A large number of community detection algorithms based on various assumptions and techniques have been proposed, including modularity optimization [18], Markov dynamic algorithms [19], and GCN-based methods [5]. Among these methods, we would like to highlight GCNs, which leverage their representational power to provide state-of-the-art performance on community-finding tasks.

GCNs are constructed by stacking (graph) neural network layers, essentially recursively aggregate information from neighbors, which can be seen as a special form of Laplacian smoothing [11]. The smoothness of signals, i.e., low-frequency information, is the key to the success of graph neural networks (GNNs) [3, 4, 15].

However, off-the-shelf GCNs framework has two fundamental weaknesses which hinder their performance of community detection. Firstly, most of them seem to be tailor-made to work on assortative (homophilic) graphs [25], where nodes from the same community tend to form edges. In fact, nodes with distinct labels are more likely to link together in disassortative (heterophilic) networks [24]. If we force the representation of connected nodes to be similar by employing low-pass filter, obviously, those direct neighbors but belonging to the different communities inevitably tend to have a similar representation, leading to a blur inter-community distinction.
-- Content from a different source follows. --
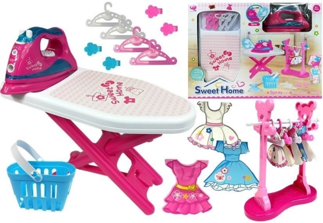 Masa de călcat și fierul de călcat din plastic cu imprimeu 'Sweet Home' aduc distracție autentică.

Some researches [8] have further shown that exploring low-frequency signals is insufficient in different scenarios, like community detection. Secondly, it is well known that the node representation will become indistinguishable when we stack many GCN layers, causing over-smoothing [22]. These remind us that low-pass filter of current GCNs is far from optimal for real-world scenarios.

Fig. 1.
figure 1

Example of the wrongly-divided node in Texas

To remedy these two described weaknesses, we propose a dual graph filtering framework community-centric for community detection simply as CCDF. We first employ the theory of graph Laplacian and network modularity enhancement to formally define a high-pass filter to separate the high-frequency signals from the raw features, equipped to low-frequency signals extracted via GCN. Then we use Markov Random Fields (MRF) to integrate different types of signals adaptively. Figure 1 illustrates a sub-network in Texas, where each node’s color denotes its community label. For the target node with id137 in Fig. 1(a), it is erroneously assigned to community 1 by GCN (Fig. 1(b)). The mistake is that most of its neighbors belong to community 1, which directly affects the target node’s predicted label. In comparison, CCDF correctly assigns the target node to its correct community 3 (Fig. 1(c)). This is because CCDF refines the coarse results from GCN by pulling nodes belonging to different communities to be far away from each other in the process of message passing.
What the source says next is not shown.